• One possible refactoring of Java's stream class hierarchy. Source: Murphy-Hill and Black 2008, fig. 1.
• Popularity of automated refactoring techniques in Eclipse for Java: Developer (row) vs. Technique (col). Source: Murphy-Hill and Black 2008, fig. 5.
• Some refactorings take more time than others. Source: Szőke et al. 2014, fig. 5.
• Refactoring is a distinct step in a TDD process flow. Source: Albano 2018.
• Refactoring techniques and their change scores. Source: Ouni et al. 2016, table I.
• Visual Studio 2017 lists six refactoring techniques for C# code. Source: iNoryaSoft 2018.

# Code Refactoring

arvindpdmn
1356 DevCoins
Last updated by arvindpdmn
on 2020-04-29 06:02:59
Created by arvindpdmn
on 2020-03-28 03:49:00

## Summary

Software is rarely perfect. Bugs need to be fixed. Code and its structure can be improved. Even when no new features are added, restructuring code can make it easier to understand and maintain. Refactoring is thus about restructuring existing code without changing its behaviour. Refactoring changes internal structures while preserving external behaviour. Refactored code works just as before, passes existing tests but is better in terms of structure and organization.
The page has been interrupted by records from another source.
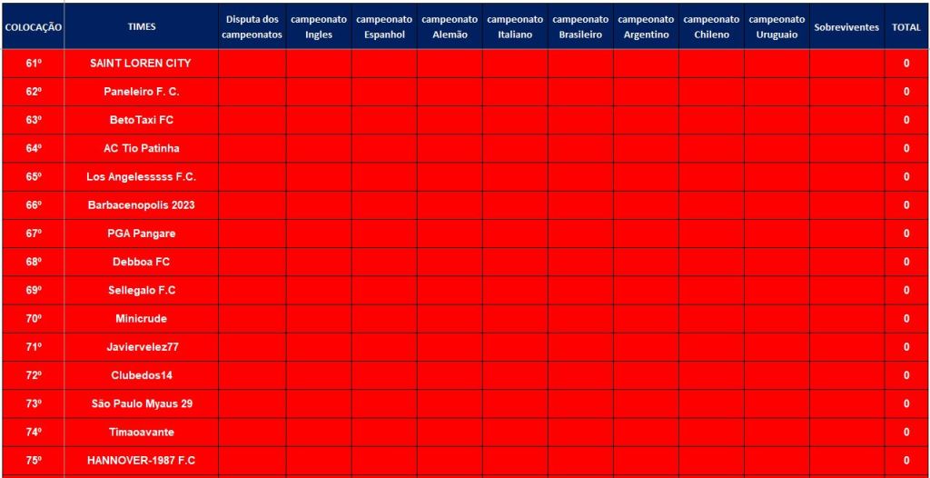 CLASSIFICAÇÃO – O MAIOR CAMPEONATOS DA HISTÓRIA
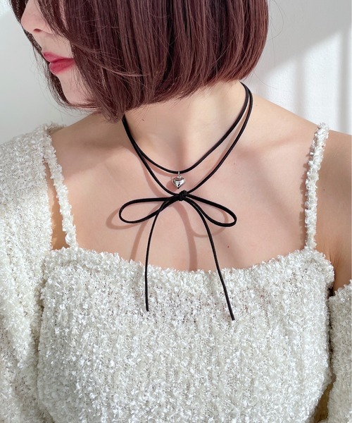 ーーー【デザイン】チョーカー風のデザインが可愛いネックレス。ハートのチャームとリボンのディティールが2連になっているので、顔周りを華やかに演出してくれます。ーーーTシャツやシンプルなトップスのアクセントにおすすめ!※屋外の光や照明の当たり具合で、実際の商品と画像の色味に違いが発生する場合がございます。
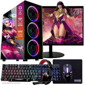 1 Computador Gamer Completo TOB Intel Core i5 SSD 480GB 16GB Teclado Mouse Mouse Pad e Headset Gamer Monitor 23” Windows 10 Pro Trial
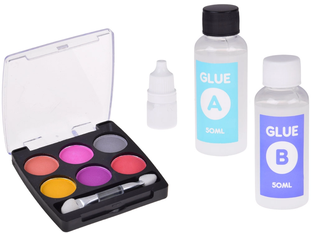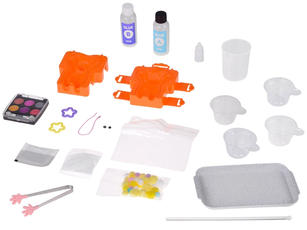 Set vsebuje kalup, kleščice, mešalnik, lepila, pigment, mehke kroglice, zvezdice, oči, okrasno vrečko, verižico in drugo – začnete lahko takoj.
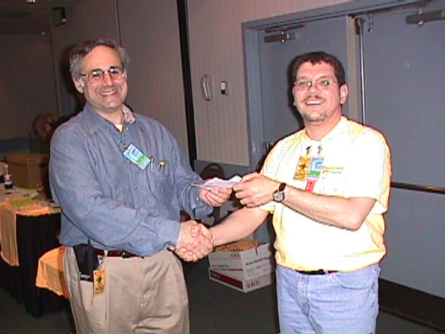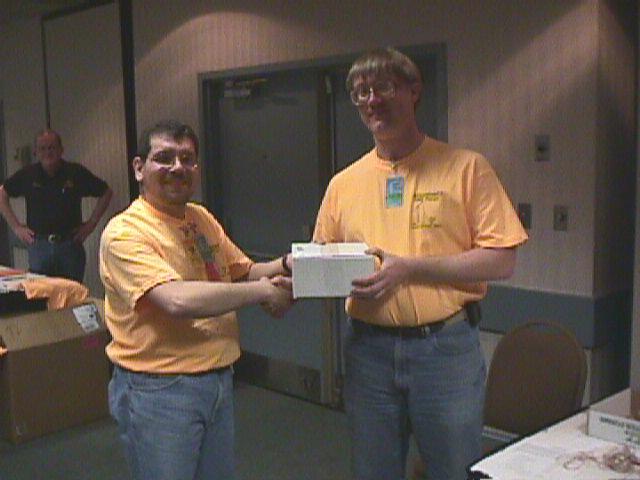 92. Prize Chairman N2SMH presenting a homebrew contest award (EMTECH NW80) to Jim, N8QOH for his W7ZOI Spectrum Analyzer contest entry
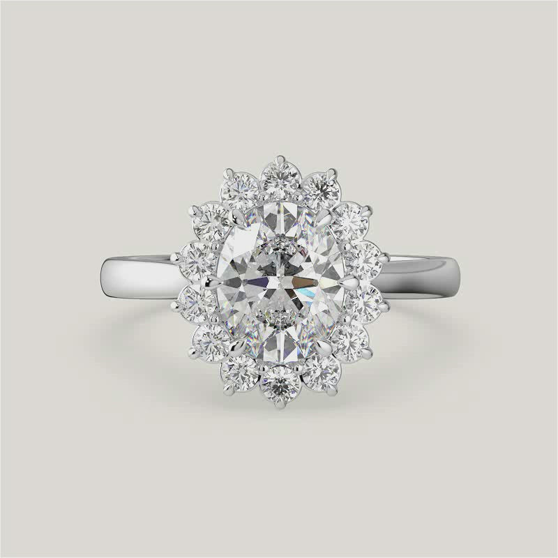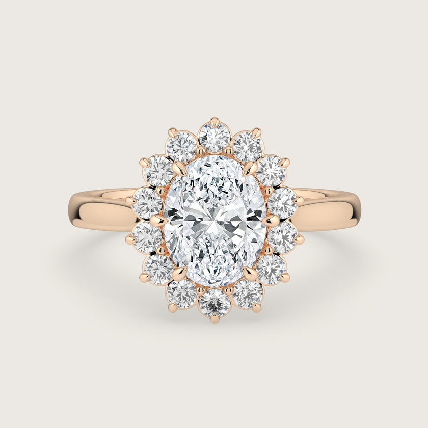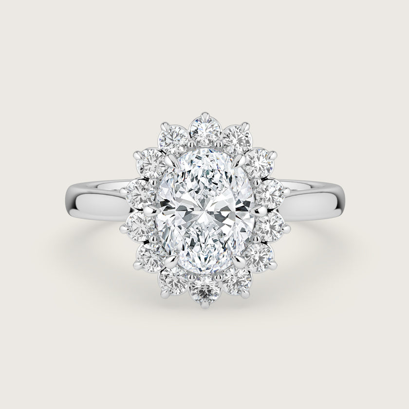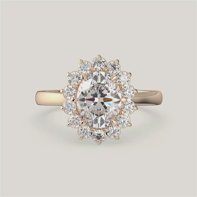 Lavinia, Vintage Oval Cut Diamond Halo Ring
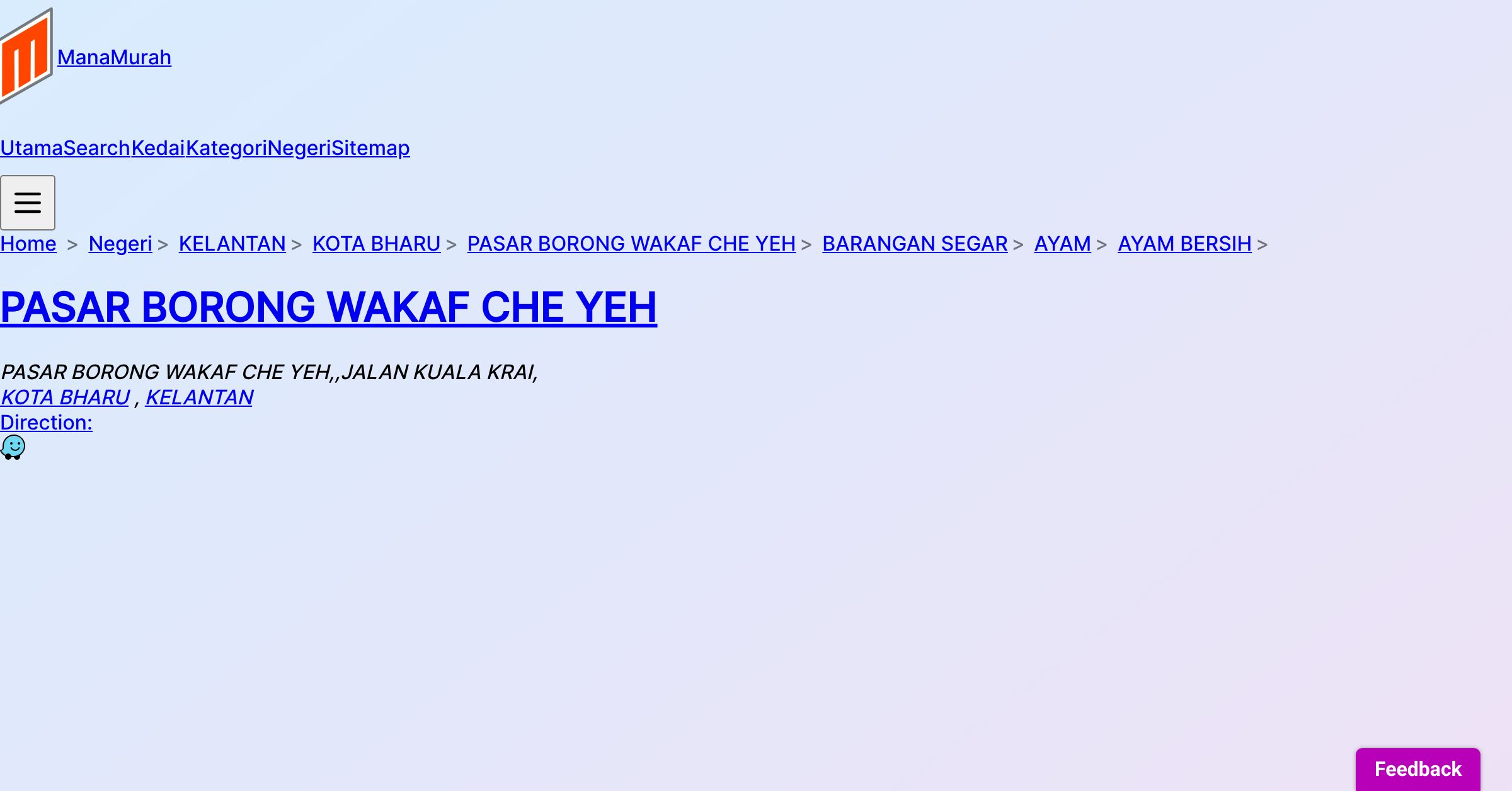 PASAR BORONG WAKAF CHE YEH,,JALAN KUALA KRAI,
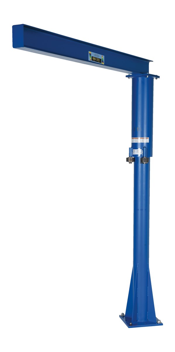 Steel Floor Mounted Jib 80 In. I-Beam 600 Lb. Capacity BlueThis floor mounted jib adapts well to a variety of applications. With the unique design, the jib is functional in any direction for complete customization of the work station. Solid steel construction will assist workers in lifting awkward material. Hoists & Trollies can be ordered separately.
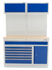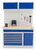 The 7 drawer 1 door cabinet is supplied fully assembled with an internal central locking system for extra security. The cabinet is topped with either a hard wearing 38mm multiplex plywood or 38mm stainless steel worktop, perforated tool hook panels and a bank of wall cabinets.
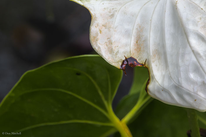 What to do when it's dark and raining heavily? Shoot down into the anthurium bed from the porch, is what.
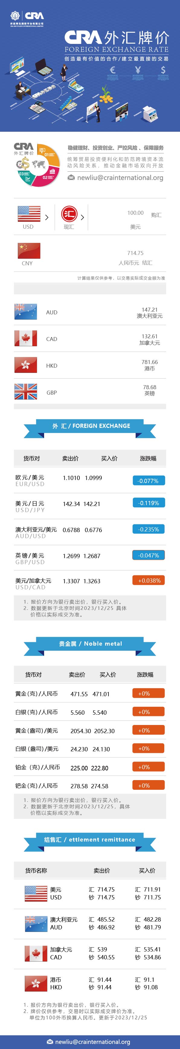 12月25日CRA贵金属及外汇市场价
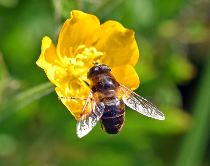 Plodding a regular path near my home, I have been enjoying the emergence of buttercups over the past few weeks. Ever alert to possibility of photographing insects, I have been going around peering into their shiny yellow flowers, to see what I could find. At least I was when the sun was out!

Refactoring shouldn't be a special task that needs to be scheduled. Refactoring should be a day-to-day programming discipline. Whenever developers see an opportunity to improve existing code, they should refactor.

IDEs can help in automated refactoring. Testing is an essential activity. It ensures that refactored works as before and nothing is broken. Incremental refactoring is preferred over a full-scale code rewrite.

## Milestones

Aug
1981

In an article on Smalltalk in BYTE magazine, Ingalls uses the word factoring in a software context. He mentions factoring as one of the design principles behind Smalltalk, supported via class inheritance. He defines factoring thus, "Each independent component in a system should appear in only one place." Without factoring, it would be hard to keep interdependent components synchronized and consistent. Factoring makes it easier to locate and maintain the component. The concept of refactoring itself comes from mathematics where a complex algebraic expression might be factored into a simpler and equivalent expression.

1986

R.S. Arnold uses the term software restructuring that's about incrementally making changes to software internals as a way to manage its increasing complexity. It's been noted that the term refactoring came to be used a little later in the context of object-oriented software development.

1990

William Opdyke and Ralph Johnson present a conference paper titled Refactoring: An Aid in Designing Application Frameworks and Evolving Object-Oriented Systems. This is possibly the first use of the term refactoring in published literature. Indeed, refactoring is initially adopted for object-oriented programs.

1991

William Griswold publishes his PhD dissertation on the topic of refactoring functional and procedural programs. A year later, William Opdyke's own dissertation does the same for object-oriented programming.

Jul
1999

Fowler et al. publish their book titled Refactoring: Improving the Design of Existing Code. After introducing the topic, the book describes over 70 refactoring tips. The word refactoring is defined both as a noun and as a verb. In the years to come, this book influences software development. IDEs go on to implement many of the practices to automate refactoring. The second edition of the book appears in 2018.

2006

Although many tools existing, developers might not use them if they're not aligned with refactoring tactics preferred by developers. A survey of 41 users of Eclipse IDE for Java development finds that only a few of them use these tools. Simpler techniques such as Rename and Move are more often used than more complex ones such as IntroduceFactory and PushDown.

## Discussion

• When does it make sense for me to refactor working code?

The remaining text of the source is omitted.